A simple class that implements dancing links.

The main methods to list the solutions are search() and get_solution(). You can also use number_of_solutions() to count them.

This class simply wraps a C++ implementation of Carlo Hamalainen.

get_solution()¶

Return the current solution.

After a new solution is found using the method search() this method return the rows that make up the current solution.

TESTS:

sage: from sage.combinat.matrices.dancing_links import dlx_solver
sage: rows = [[0,1,2]]
sage: rows+= [[0,2]]
sage: rows+= [[1]]
sage: rows+= [[3]]
sage: x = dlx_solver(rows)
sage: print(x.search())
1
sage: print(x.get_solution())
[3, 0]
number_of_solutions(ncpus=1, column=0)¶

Return the number of distinct solutions.

INPUT:

  • ncpus – integer (default: 1), maximal number of subprocesses to use at the same time. If \(ncpus>1\) the dancing links problem is split into independent subproblems to allow parallel computation.
  • column – integer (default: 0), the column used to split the problem (ignored if ncpus is 1)

OUTPUT:

integer

EXAMPLES:

sage: from sage.combinat.matrices.dancing_links import dlx_solver
sage: rows = [[0,1,2]]
sage: rows += [[0,2]]
sage: rows += [[1]]
sage: rows += [[3]]
sage: x = dlx_solver(rows)
sage: x.number_of_solutions()
2
sage: rows = [[0,1,2], [3,4,5], [0,1], [2,3,4,5], [0], [1,2,3,4,5]]
sage: x = dlx_solver(rows)
sage: x.number_of_solutions(ncpus=2, column=3)
3

TESTS:

sage: dlx_solver([]).number_of_solutions()
0
rows()¶

Return the list of rows.

EXAMPLES:

sage: from sage.combinat.matrices.dancing_links import dlx_solver
sage: rows = [[0,1,2], [1,2], [0]]
sage: x = dlx_solver(rows)
sage: x.rows()
[[0, 1, 2], [1, 2], [0]]
search()¶

Search for a new solution.

Return 1 if a new solution is found and 0 otherwise. To recover the solution, use the method get_solution().

EXAMPLES:

sage: from sage.combinat.matrices.dancing_links import dlx_solver
sage: rows = [[0,1,2]]
sage: rows+= [[0,2]]
sage: rows+= [[1]]
sage: rows+= [[3]]
sage: x = dlx_solver(rows)
sage: print(x.search())
1
sage: print(x.get_solution())
[3, 0]

TESTS:

Test that trac ticket #11814 is fixed:

sage: dlx_solver([]).search()
0
sage: dlx_solver([[]]).search()
0

If search is called once too often, it keeps returning 0:

sage: x = dlx_solver([[0]])
sage: x.search()
1
sage: x.search()
0
sage: x.search()
0
solutions_iterator()¶

Return an iterator of the solutions.

EXAMPLES:

sage: from sage.combinat.matrices.dancing_links import dlx_solver
sage: rows = [[0,1,2], [3,4,5], [0,1], [2,3,4,5], [0], [1,2,3,4,5]]
sage: d = dlx_solver(rows)
sage: list(d.solutions_iterator())
[[0, 1], [2, 3], [4, 5]]
split(column)¶

Return a dict of rows solving independent cases.

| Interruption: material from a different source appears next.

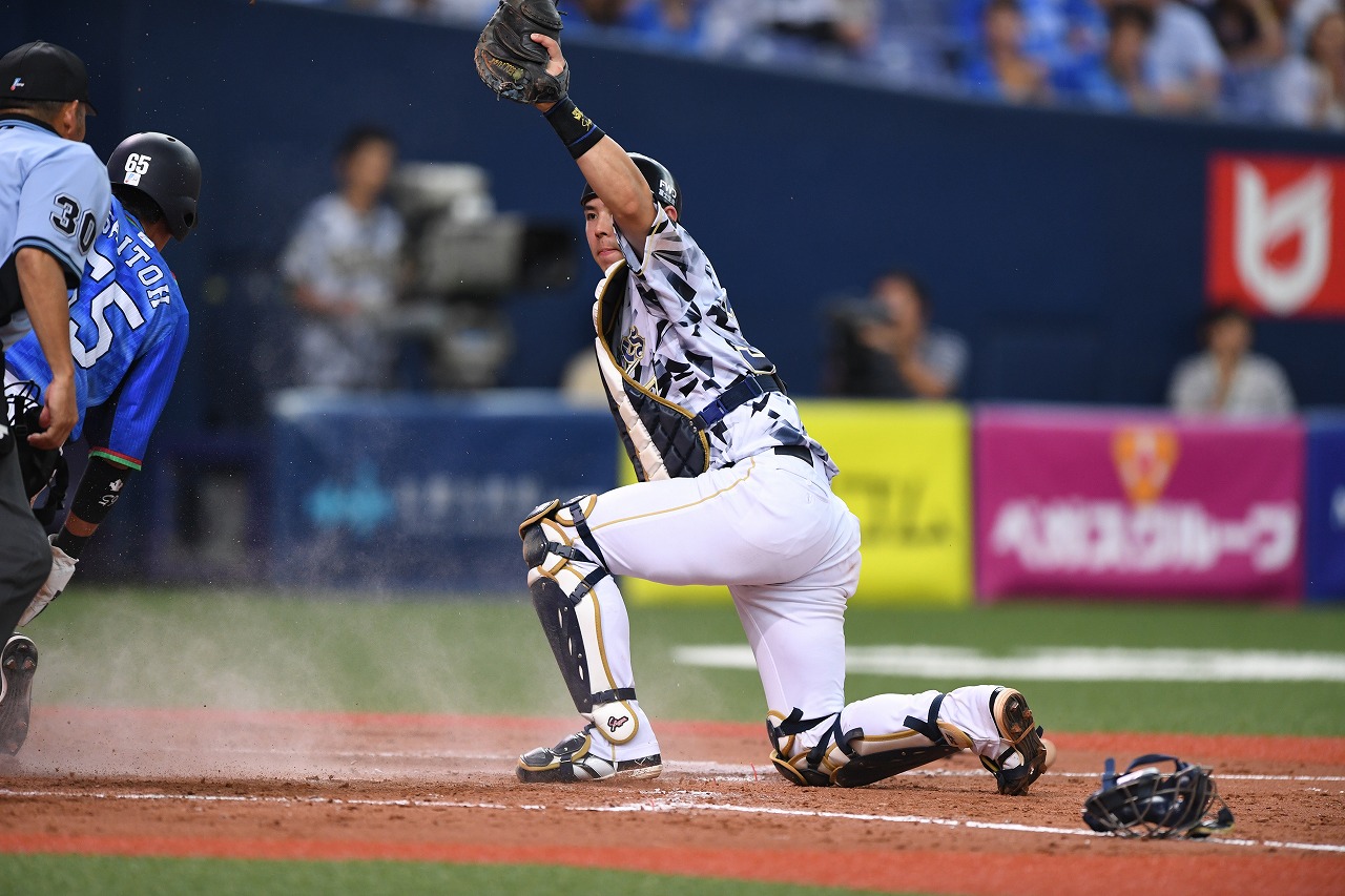 本塁へ突入してきた3塁走者をアウトにした若月選手!

For each i-th row containing a 1 in the column, the dict associates the list of rows where each other row containing a 1 in the same column is replaced by the empty list.

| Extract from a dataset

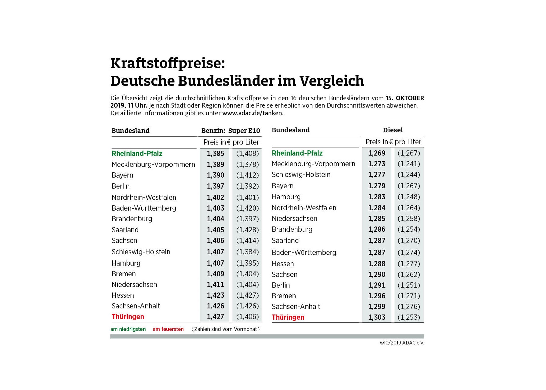 In der aktuellen Untersuchung hat der ADAC am heutigen Dienstag um 11 Uhr die Preisdaten von mehr als 14.000 bei der Markttransparenzstelle erfassten Tankstellen ausgewertet und den Bundesländern zugeordnet. Die ermittelten Preise stellen eine Momentaufnahme dar. Unkomplizierte und schnelle Hilfe für preisbewusste Autofahrer bietet die Smartphone-App „ADAC Spritpreise“. Ausführliche Informationen rund um den Kraftstoffmarkt gibt es zudem unter www.adac.de/tanken.

This is used for parallel computations.

INPUT:

  • column – integer, the column used to split the problem

OUTPUT:

dict where keys are row numbers and values are lists of rows

EXAMPLES:

sage: from sage.combinat.matrices.dancing_links import dlx_solver
sage: rows = [[0,1,2], [3,4,5], [0,1], [2,3,4,5], [0], [1,2,3,4,5]]
sage: d = dlx_solver(rows)
sage: d
Dancing links solver for 6 columns and 6 rows
sage: sorted(d.solutions_iterator())
[[0, 1], [2, 3], [4, 5]]

After the split each subproblem has the same number of columns and rows as the original one:

sage: D = d.split(0)
sage: D
{0: [[0, 1, 2], [3, 4, 5], [], [2, 3, 4, 5], [], [1, 2, 3, 4, 5]],
 2: [[], [3, 4, 5], [0, 1], [2, 3, 4, 5], [], [1, 2, 3, 4, 5]],
 4: [[], [3, 4, 5], [], [2, 3, 4, 5], [0], [1, 2, 3, 4, 5]]}

The (disjoint) union of the solutions of the subproblems is equal to the set of solutions shown above:

sage: for a in D.values(): list(dlx_solver(a).solutions_iterator())
[[0, 1]]
[[2, 3]]
[[4, 5]]
sage.combinat.matrices.dancing_links.dlx_solver(rows)¶

Internal-use wrapper for the dancing links C++ code.

EXAMPLES:

sage: from sage.combinat.matrices.dancing_links import dlx_solver
sage: rows = [[0,1,2]]
sage: rows+= [[0,2]]
sage: rows+= [[1]]
sage: rows+= [[3]]
sage: x = dlx_solver(rows)
sage: print(x.search())
1
sage: print(x.get_solution())
[3, 0]
sage: print(x.search())
1
sage: print(x.get_solution())
[3, 1, 2]
sage: print(x.search())
0
sage.combinat.matrices.dancing_links.make_dlxwrapper(s)¶

Create a dlx wrapper from a Python string s.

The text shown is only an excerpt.